Over the intervening 150 years, wages have escalated, while everything individuals spend money and the personal debt they carry have skyrocketed. An employee today gets at least $14 every hour, while Muskoka’s skilled trade workers pull in multiples thereof.
What has not changed is that good workers are still difficult for Muskoka employers to find. New hires fail to show up; substance abuse curtails performance of a rising number holding good jobs; others have a preferential dependency on poggie; and employees leave to set up sub-contracting operations, from roofing to carpet installation, with decidedly mixed results. These developments, along with matters of training, productivity, and remuneration, are engaging Muskoka’s employers, unions, apprenticeship and training instructors, entry-level and retraining workers, and a swatch of government representatives.
A specific challenge concerns trades vanishing due to changing technology. Last month CBC Radio carried a story about the last shop still repairing manual typewriters closing its door for good. Bracebridge cobbler Brian Shelly skilfully sews leather shoes and boots, but knows he’s a vanished breed of artisan. “There are about twenty profitable shoe repair stores in Ontario up for sale by retiring owners,” he told me, “but no buyers, because nobody now can operate these specialized sewing machines.” When Liz Rice was publisher of the Forester, she and I traded jokes about “the last living linotype operator in North America.”

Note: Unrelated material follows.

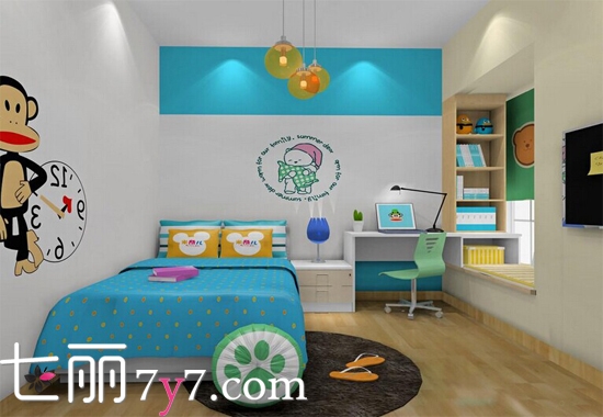 大嘴猴是很多孩子都喜欢的卡通人物,它的加入给房间增添了不少童趣,飘窗中镶入书桌与书柜的设计,既不影响光照,又大大的节省了空间。这是非常棒的想法。蓝色空间,休闲娱乐一体化。孩子的欢乐天地。

Our families had been printing newspapers for generations, back to the era of hand-set wooden and metal type. A linotype machine revolutionized typesetting. When I was operating one by age 14, my grandfather assured me I’d always have a trade to fall back on in life. Since then the graphic arts have undergone two complete revolutions, first “cold type” printing, then digital. The only use left for my cherished skills in hot-metal typesetting is explaining to folks how one of the world’s most ingenious machines once worked.
What if you were operating steamship RMS Segwun which anchors Muskoka tourism and generates a battalion of local jobs? For two decades John Miller, president of Muskoka Steamships at Gravenhurst, has sought steam engineers for Segwun’s roster, without success, his main discovery being that New Zealanders operating steamer Earnslaw are, well, in the same boat.
This is our challenge of sustainable heritage. The steam era was overtaken by electric motors, diesel engines, and jet propulsion. Advent of these alternate technologies first displaced skilled workers. Then, within a generation or so, high-paying specialized tasks languish because there’s nobody left to perform them.
Anyone wanting a steam engineer’s “ticket” – the government certificate that one is qualified to operate steam engines – should apply while the skills can still be passed on, for everything old is new again, and in Muskoka “competent hands can secure good wages.”